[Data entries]
********************

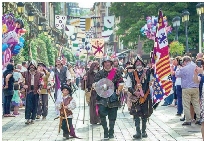
Desfile de la milicia logroñesa.
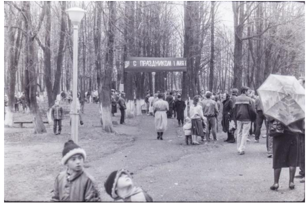
Рисунок 1 – Парк в г. Спас-Деменск в прошлом веке

Преобразованием парка занимались неоднократно, всегда вносили что-то новое. Размещали площадки для спорта, устанавливали карусели, качели. Было даже маленькое местное колесо обозрения.
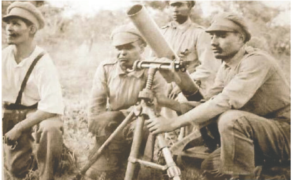
Medios de comunicación durante la Guerra del Chaco

Aunque originalmente fue concebida para publicaciones impresas como periódicos y revistas, la Ley de Imprenta ha demostrado su capacidad de adaptación. Actualmente, su aplicación se realiza por interpretación extensiva y por analogía, abarcando medios digitales, portales web, blogs informativos, redes sociales y
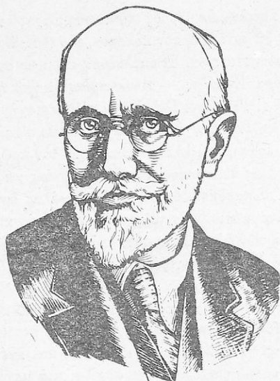
Ἐλευθέριος Βενιζέλος (1864 - 1936)

ἀπὸ κοινοῦ τὸν πόλεμον κατὰ τῆς Βουλγαρίας. Οἱ Βούλγαροι εἶχον δώσει μάλιστα πρῶτοι τὴν ἀφορμὴν τοῦ πολέμου αὐτοῦ διότι ἐπετέθησαν κατὰ τῶν Ἑλλήνων καὶ Σέρβων εἰς τὴν Γευγελῆν αἰφνιδιαστικῶς τὴν 17 Ἰουνίου 1913. Ὁ Ἑλληνικὸς στρατὸς ἐπετέθη καὶ εἰς τὴν μάχην μεταξὺ Κιλικίας καὶ Λαχανᾶ (19 Ἰουλίου) συνέτριψε τοὺς Βουλγάρους. Κατόπιν οἱ Ἕλληνες καταδιώκοντες τοὺς Βουλγάρους τοὺς ἐνίκησαν εἰς τὴν μάχην τῆς Κρέσνας (8—11 Ἰουλίου) καὶ τὴν μάχην τῆς Τζουμαγιάς (12 Ἰουλίου). Ἐν τῷ μεταξὺ ὁ ἑλληνικὸς στόλος κατέλαβεν τὴν Ἀλεξανδρούπολιν. Ἀπὸ τὴν ἄλλην πλευρὰν οἱ Σέρβοι προήλθον ἐντὸς τῆς Βουλγαρίας καὶ ἐν τῷ μεταξὺ οἱ Τούρκοι ἀφοῦ ἐκήρυξαν ἄκυρον τὴν συνθήκην τοῦ Λονδίνου ἀνεκατέλαβον τὰς Σαράντα ἐκκλησίας καὶ τὴν Ἀδριανούπολιν, εἰσέβαλον δὲ ἀπὸ βορρᾶ καὶ οἱ Ρουμάνοι. Ἡ Βουλγαρία ἀπειλεῖτο πανταχόθεν. Τότε ἐζήτησεν συνθηκολόγησιν καὶ αἱ ἐχθροπραξίαι κατέπαυσαν τὴν 17ην Ἰουλίου ὁπότε καὶ ὑπεγράφη ἀνακωχὴ μεταξὺ τῶν ἐμπολέμων. Κατόπιν συνήλθον εἰς τὸ Βουκουρέστιον οἱ ἀντιπρόσωποι τῶν ἐμπολέμων, οἱ ὅποιοι συνεφώνησαν κατόπιν πολλῶν διαπραγματεῦ-
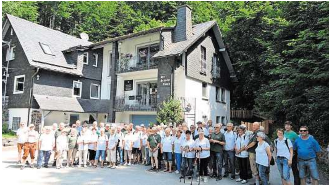
Teilnehmer des Dreiländertreffens aus den Frankenwaldvereinsortgruppen Blankenberg, Antonstal, Wallenfels und den Gastgebern Dürrenwaid vor dem Schieferladen im Schieferwerk Lotharheil.
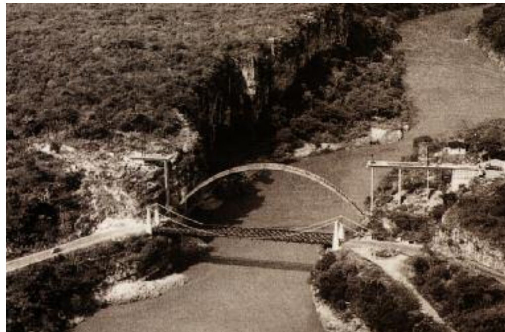
Boca del Cañón del Sumidero, con el antiguo puente Belisario Domínguez y la obra falsa del nuevo, ca. 1954. Fundación ICA. Páginas siguientes: Vista aérea de Ciudad Universitaria , 23 de enero 1954. Fundación ICA.

En esa febril transformación social había sectores inconformes. El crecimiento económico beneficiaba sólo a una parte de la población, principalmente la de las ciudades, mientras que en el campo mostraba rezagos. A la vez que se expandía la clase media, en las ciudades empezaron a formarse enormes
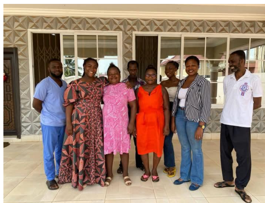
Photo de famille avec les responsables de Clubhouse et les résidents
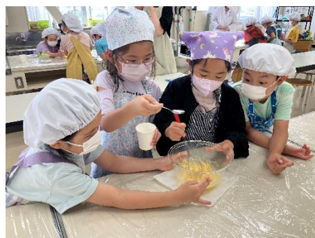
「マヨネーズ教室」の様子

社内認定講師「マヨスター※」が小学校を訪問し、食の楽しさと大切さを伝えることを目的に実施している出前授業「マヨネーズ教室」は 2002 年より開始し、リピーターとなって繰り返し開催する学校も増えてきました。2024 年度は全国 99 校の小学校で実施し、4,734 人の小学生が参加しました。
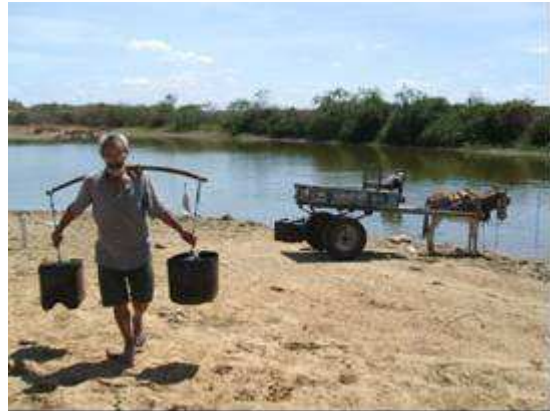
Figura 9. Fonte utilizada para consumo humano no município de Boa Vista
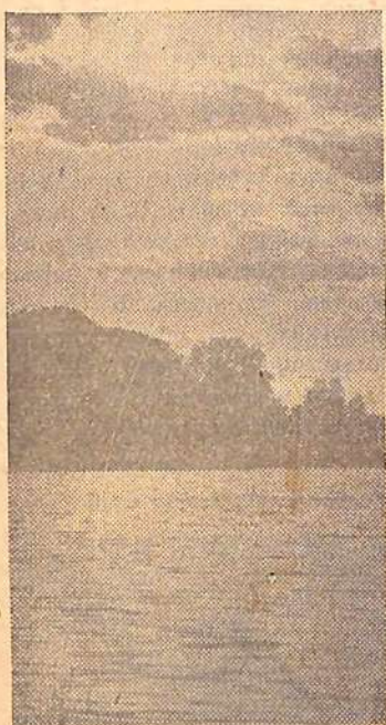
На Волге.
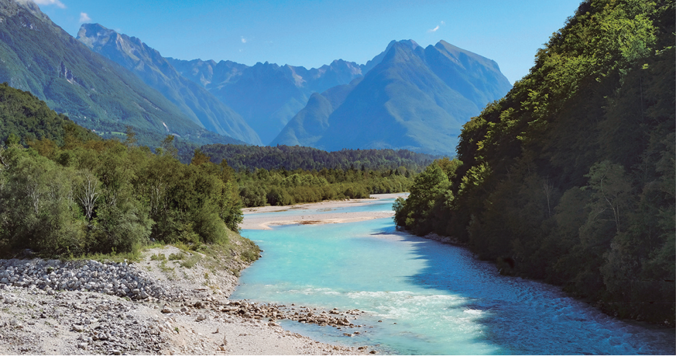
Riu Socka.

Entossudit en conèixer l'origen de tan animada colla de balladors, preguntava un cop i altre, micròfon en mà, la nostra procedència i ho proclamava als quatre vents, amb notable dificultat. En uns minuts vam passar a ser trending topic local entre la festiva audiència d'aquell concert i el públic ens saludava alegrement, al passar pel nostre davant, amb un afectuós i alhora estri-dent, "Cataluuninaa"!!!

********************

→ YOUR INSTRUCTIONS: The line containing "Medios de comunicación" marks where the copy ends; print every line before it from the start of the records, and that line too, but no pictures.

→ RESULT OF THE EXERCISE:
Desfile de la milicia logroñesa.
Рисунок 1 – Парк в г. Спас-Деменск в прошлом веке

Преобразованием парка занимались неоднократно, всегда вносили что-то новое. Размещали площадки для спорта, устанавливали карусели, качели. Было даже маленькое местное колесо обозрения.
Medios de comunicación durante la Guerra del Chaco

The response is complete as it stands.